P. C. : Si l’on n’est pas rentier ou riche de naissance et que l’on veut échapper au travail subi, il vaut mieux s’associer, s’entraider et oeuvrer à plusieurs. C’est une évidence mais il n’est jamais inutile de rappeler que « l’union fait la force ». Cela passe parfois par un mode de vie communautaire, mais pas obligatoirement. On peut trouver du collectif et de la solidarité ailleurs que dans les rares communautés actuelles, qui ne ressemblent d’ailleurs plus guère aux communautés soixante-huitardes.
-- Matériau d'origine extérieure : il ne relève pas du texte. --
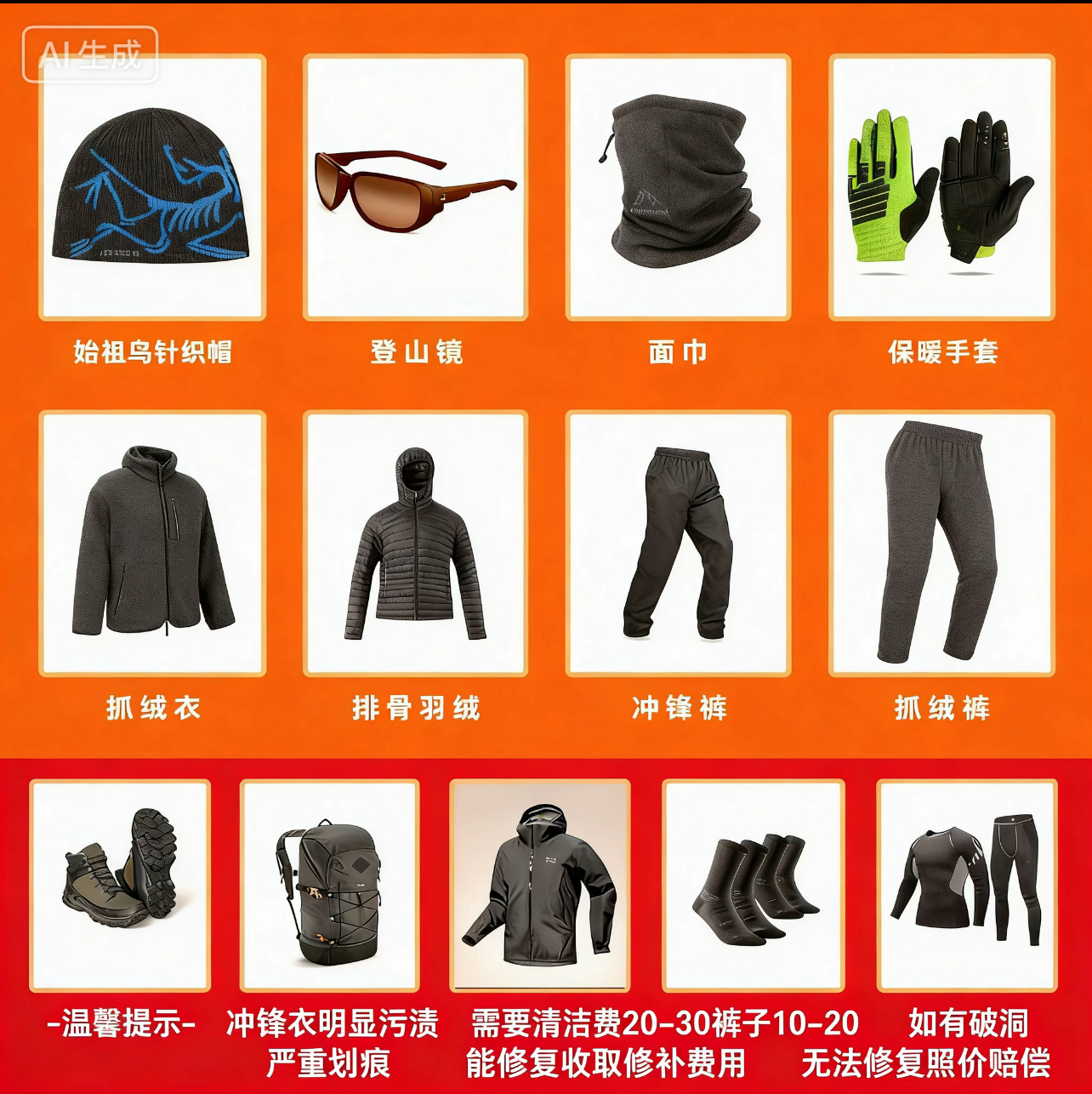 3.装备:护膝、头灯、登山杖、雪套、冰爪(俱乐部提供克不带)4.其他:身份证
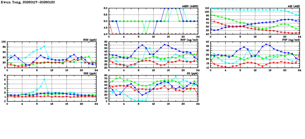 | Air Quality Data Time Series in Kwun Tong (2026/01/20) | ( Line colors: Day -3 Day -2 Day -1 Current day ) | 2D Map Current AQHI |
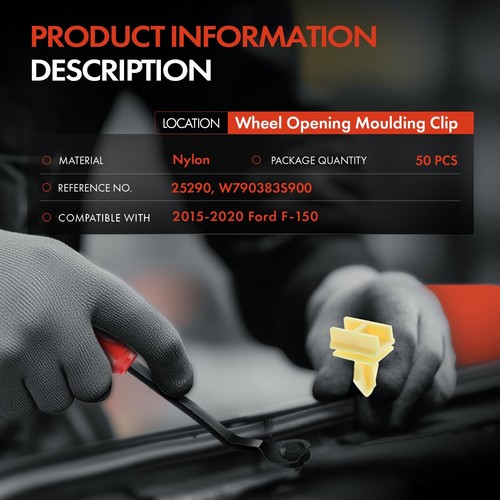 50Pcs Wheel Opening Molding Retainer Clips for Ford F-150 2015-2020 10 mm Nylon
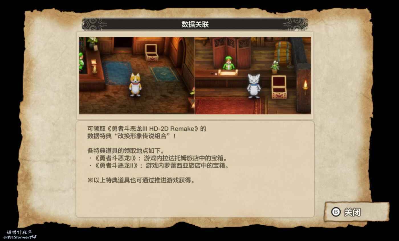 注:本特典僅適用於2024年發售的《勇者鬥惡龍III HD-2D Remake》的保存資料。2019年之前發售的《勇者鬥惡龍III 傳說的起點…》的保存資料不在適用範圍內。
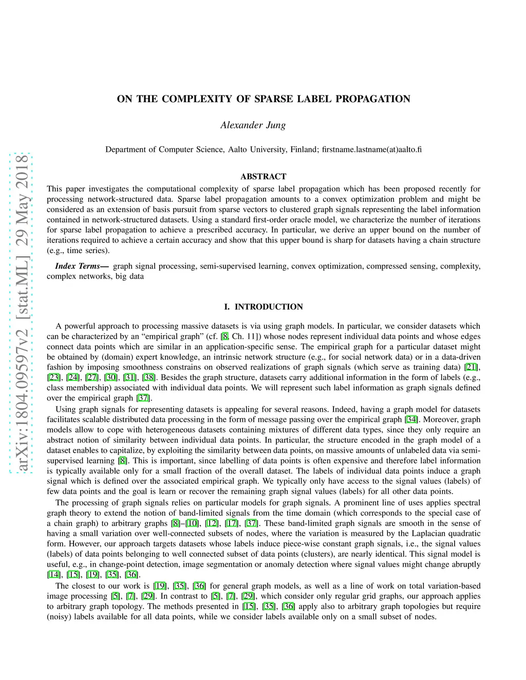 On The Complexity of Sparse Label Propagation
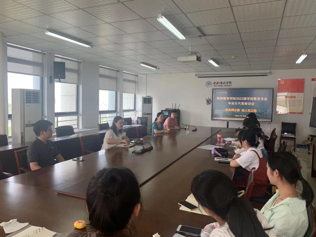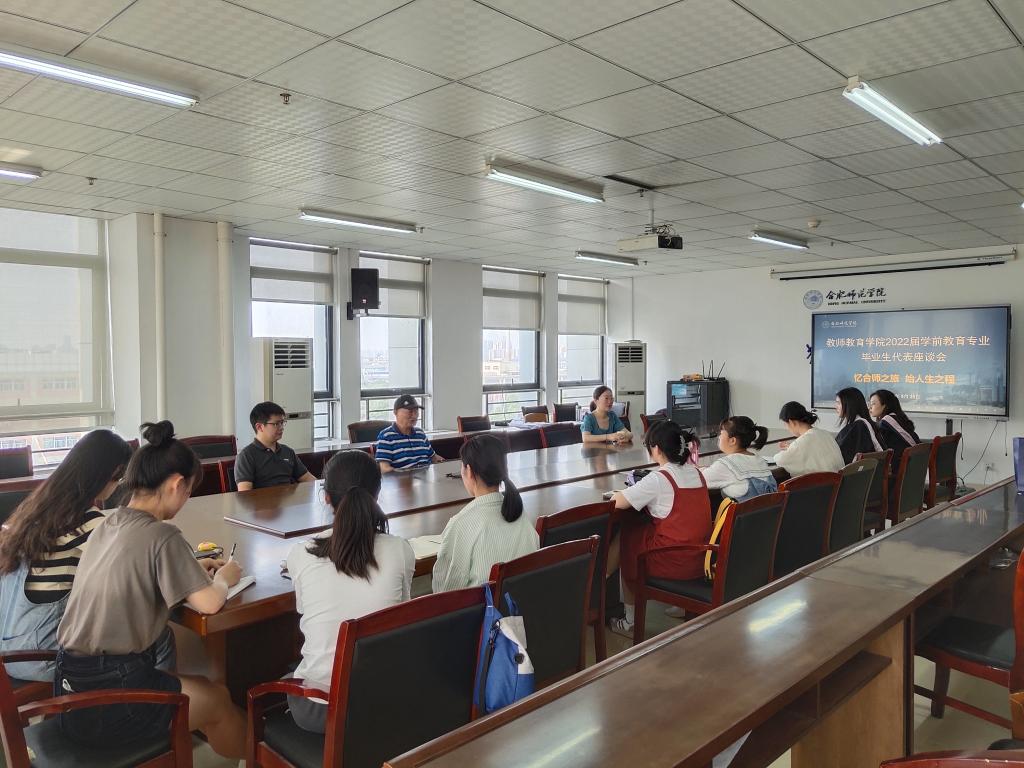 本网讯 5月25日下午,教师教育学院在行知楼710举行2022届学前教育专业毕业生座谈会,教师教育学院党委书记穆娟、副院长闫龙,学前教育系主任孙延永,学前系专任教师李辉、吴皖赣等参加座谈会,2018级学前教育中美合作班、2020级学前教育专升本毕业班学生代表参加。会议由孙延永主持。

On n’a par exemple jamais entendu parler d’« amour libre » et de pratiques fusionnelles comme on les expérimentait dans les années 70. C’est devenu très sage de ce côté-là…
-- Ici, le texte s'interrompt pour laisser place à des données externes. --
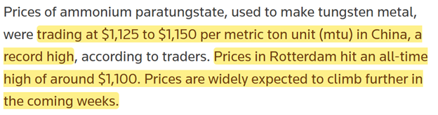 That won’t last — the Rotterdam price will go up faster than in China — but it shows what we’re seeing in other metals markets, in that tungsten suppliers — in this case — cannot respond to these higher prices by increasing output, the way that crude oil producers do, for example.
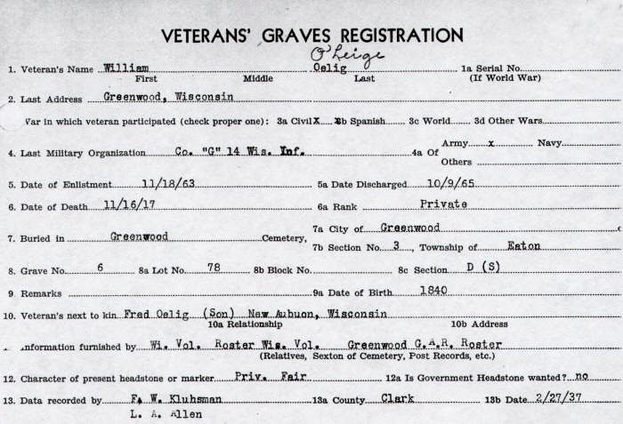 William died November 16, 1917 and is buried in the Greenwood, Wisconsin City Cemetery. His son, Fred Oelig of New Auburn, Wisconsin was listed as his next of kin on his grave registration.
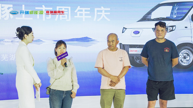 在直播现场,3名开瑞江豚老用户到场,一起见证开瑞江豚上市1周年庆典。3名用户分别对开瑞江豚的“续航,空间,驾驶感受”给出了肯定。
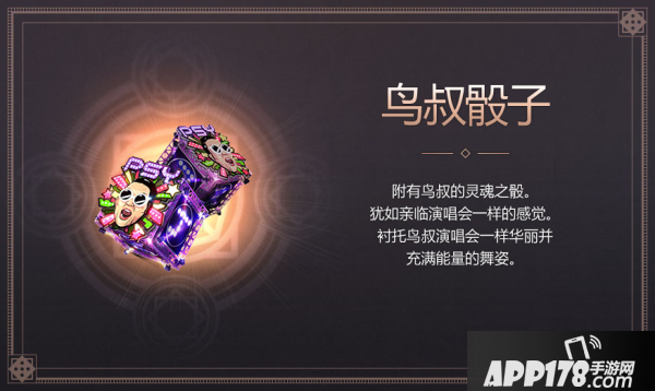 鸟叔骰子:附有鸟叔的灵魂之骰。犹如亲临演唱会一样的感觉。存托鸟叔演唱会一样华丽并充满能量的舞姿。
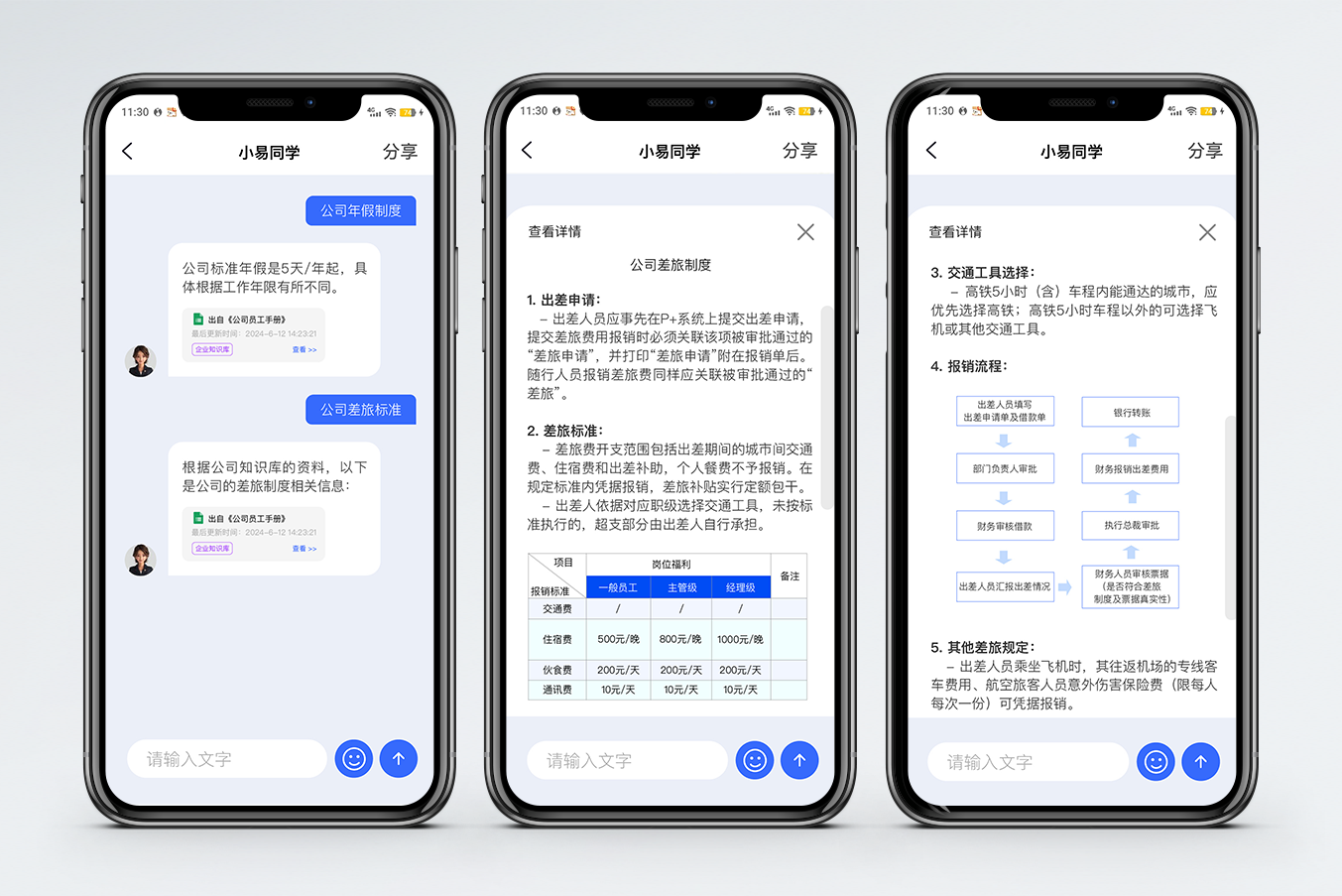 除此之外,基于多业务系统集成等,小易同学还可为企业人员实现工资单查询、请休假、报销等自助服务。新技术大幅提升员工体验,扫除“政策盲区”、确保“HR服务实时在线”。

C. M.: Comment vos films sont-ils financés, distribués ?
S. G. : Attention Danger Travail a existé sans aides institutionnelles, ni aides de la télévision, et a pu malgré tout être visible dans des salles de cinéma, générant ainsi ses propres ressources – et oui, nous aussi on est dans le marché... Avec Volem…, on a, pour la première fois, bénéficié de l’avance sur recettes du Centre National de la Cinématographie (CNC). Nous avons également disposé de quelques aides publiques. Il ne manquera pas de volontaires zélés pour juger si cet argent nous a conduit à modérer le propos, à rendre le film socialement acceptable…
P. C. : J’ajoute que le réseau de salles indépendantes françaises, unique au monde par sa densité, permet la sortie commerciale, sur presque l’ensemble du territoire, de documentaires inédits ou interdits de diffusion sur le petit écran, comme les quatre films que j’ai réalisés depuis 1998 et qui ont été plutôt des succès au cinéma. Ils ont réalisé en moyenne 90 000 entrées, un chiffre plus qu’honorable pour des docus.
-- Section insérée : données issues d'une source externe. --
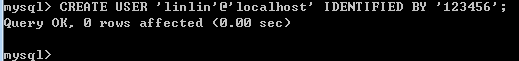 CREATE USER 'lin'@'localhost' IDENTIFIED BY '123456';
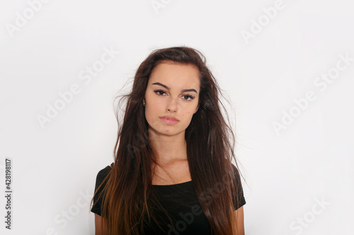 Beautiful young woman with brunette hairstyle with no make-up, standing frontal looking at camera over white background.
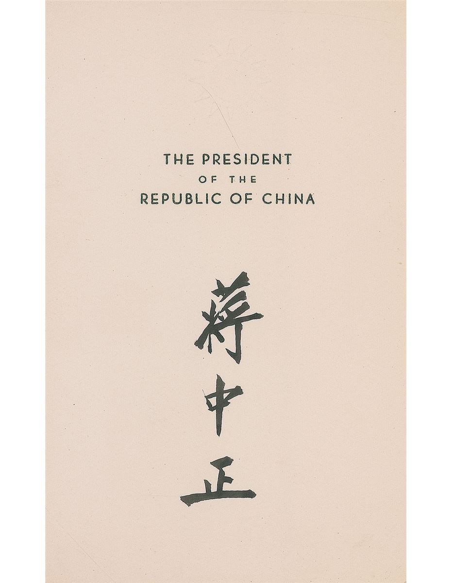Crisp black ink signature in Chinese on an off-white 3.75 x 5.75 sheet with raised lettering reading, “The President of the Republic of China,” below an embossed sun. In fine condition, with trivial wear to top edge.
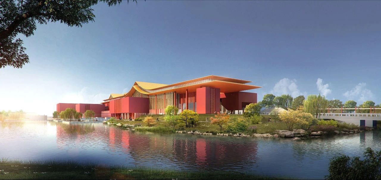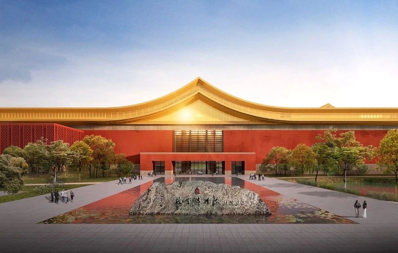 從效果圖上看,南側(cè)臨水、北面疊山的故宮博物院北院區(qū),在建筑上就很有傳統(tǒng)文化風韻,灰色外城、紅色內(nèi)墻和金色的重檐,讓人一眼就能聯(lián)想到故宮,東西向的軸線設(shè)計也充滿了秩序感。
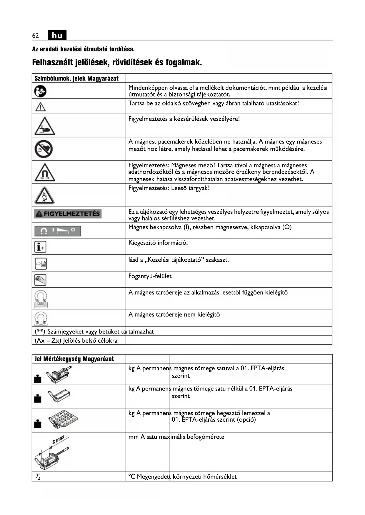 Az eredeti kezelési útmutató fordítása. Felhasznált jelölések, rövidítések és fogalmak. Szimbólumok, jelek Magyarázat Mindenképpen olvassa el a mellékelt dokumentációt, mint például a kezelési útmutatót és a biztonsági tájékoztatót. Tartsa be az oldalsó szövegben vagy ábrán található utasításokat! Figyelmeztetés a kézsérülések veszélyére! A mágnest pacemakerek közelében ne használja. A mágnes egy mágneses mezőt hoz létre, amely hatással lehet a pacemakerek működésére. Figyelmeztetés: Mágneses mező! Tartsa távol a mágnest a mágneses adathordozóktól és a mágneses mezőre érzékeny berendezésektől. A mágnesek hatása visszafordíthatalan adatveszteségekhez vezethet. Figyelmeztetés: Leeső tárgyak! Ez a tájékozató egy lehetséges veszélyes helyzetre figyelmeztet, amely súlyos vagy halálos sérüléshez vezethet. Mágnes bekapcsolva (I), részben mágnesezve, kikapcsolva (O) Kiegészítő információ. lásd a „Kezelési tájékoztató” szakaszt. Fogantyú-felület A mágnes tartóereje az alkalmazási esettől függően kielégítő A mágnes tartóereje nem kielégítő (**) Számjegyeket vagy betűket tartalmazhat (Ax – Zx) Jelölés belső célokra Jel Mértékegység Magyarázat kg A permanens mágnes tömege satuval a 01. EPTA-eljárás szerint kg A permanens mágnes tömege satu nélkül a 01. EPTA-eljárás szerint kg A permanens mágnes tömege hegesztő lemezzel a
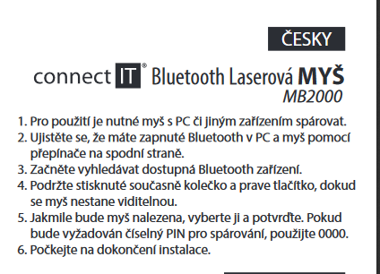 Dobrý den, koupil jsem si myš Connect it 201 je na bluethoth 3.0. Ta stará myš (misrosoft mouse 5000) už byla dost opoužíváná. Zkoušel jsem ji připojit přes bluethoth přidat zařízení bluethoth, ale tam se nic neukáže. Hledá a hledá a nic. Telefon a druhý počítač tam jsou normálně a s jejich připojením nebyl žádný problém. Zkoušel jsem vše možné ale bez ůspěchu. Myš jsem vrátil a vzal druhou ale bohužel stejný problém nic se neukazuje a nejde připojit. Podle mého dělám já někde chybu nebo je chyba v pc. v nějakém nastavení.Verze a typ programu je v obrázku, stará myš s ním neměla problém.
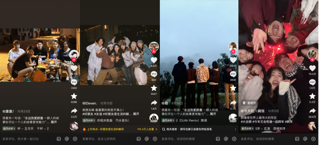 大网红们一起玩、互相输送流量已不新鲜,值得注意的是,越来越多素人正在关注和记录群像,试图过上类似《老友记》《爱情公寓》那样的集体生活。“我不羡慕你们的人生,我羡慕你们有这样的朋友”承载了当下的社交欲望。
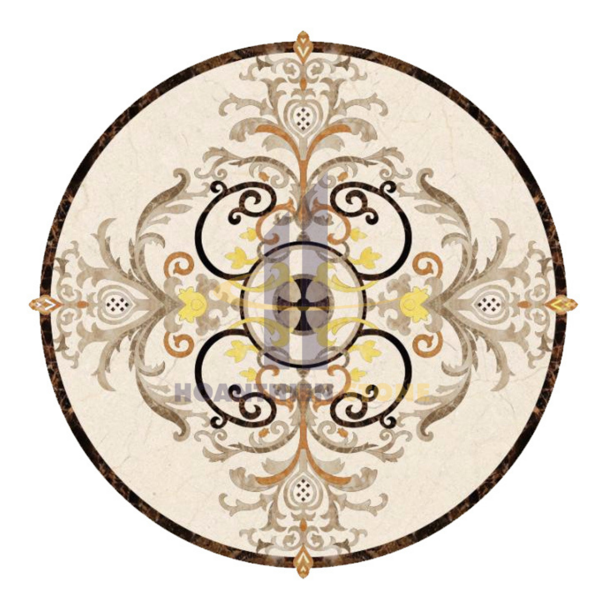 Mẫu hoa văn tròn HT-HVT080 từ thương hiệu HoanThien Stone là sự lựa chọn hoàn hảo cho những gia chủ yêu thích vẻ đẹp nghệ thuật tinh tế và sang trọng. Được thiết kế dựa trên cảm hứng từ các họa tiết trang trí trong các cung điện Phục hưng, sản phẩm chú trọng vào sự cân bằng tuyệt đối và sự phối hợp màu sắc tự nhiên hài hòa. Đây là một trong những thiết kế tiêu biểu tại Kho đá Hoàn Thiện, dành riêng cho các công trình biệt thự, lâu đài và khách sạn cao cấp.

C. M.: Comment faire pour changer la société ? Le recours éventuel à la violence est-il légitime ?
P. C. : À l’évidence la question se pose. À l’intérieur de certains groupes filmés dans Volem…, des gens s’interrogent. Cette question est aussi soulevée dans l’un de mes derniers films Ni vieux, ni traîtres (coréalisé avec Georges Minangoy), notamment par des proches du groupe Action directe qui ont voulu changer le monde les armes à la main. Sans succès.
C. M.: Selon vous, à quoi sert le cinéma documentaire ?
S. G. : À interroger le réel tel qu’on nous le donne à voir, ou tel qu’on le voit par soi-même, c’est-à-dire à remettre en cause nos conditions d’existence. Il devrait peut-être servir aussi à proposer formellement de nouvelles manières de représenter le monde. C’est un acte critique qui a fondamentalement à voir avec la colère, le désespoir, le
rire.
Psychanalyste et employée à mi-temps chez EDF, Corinne Maïer est l’auteur de plusieurs ouvrages dont le plus connu, Bonjour paresse (éd. Michalon, 2004), a connu un foudroyant succès en librairie (200 000 ex. vendus en sept mois). Sa description de la « culture d’entreprise » en tant que « cristallisation de la bêtise d’un groupe de gens à un moment donné » lui ont valu des menaces de licenciement de la part de son employeur. L’entretien ci-dessus a été publié par la revue The Idler, merci à elle.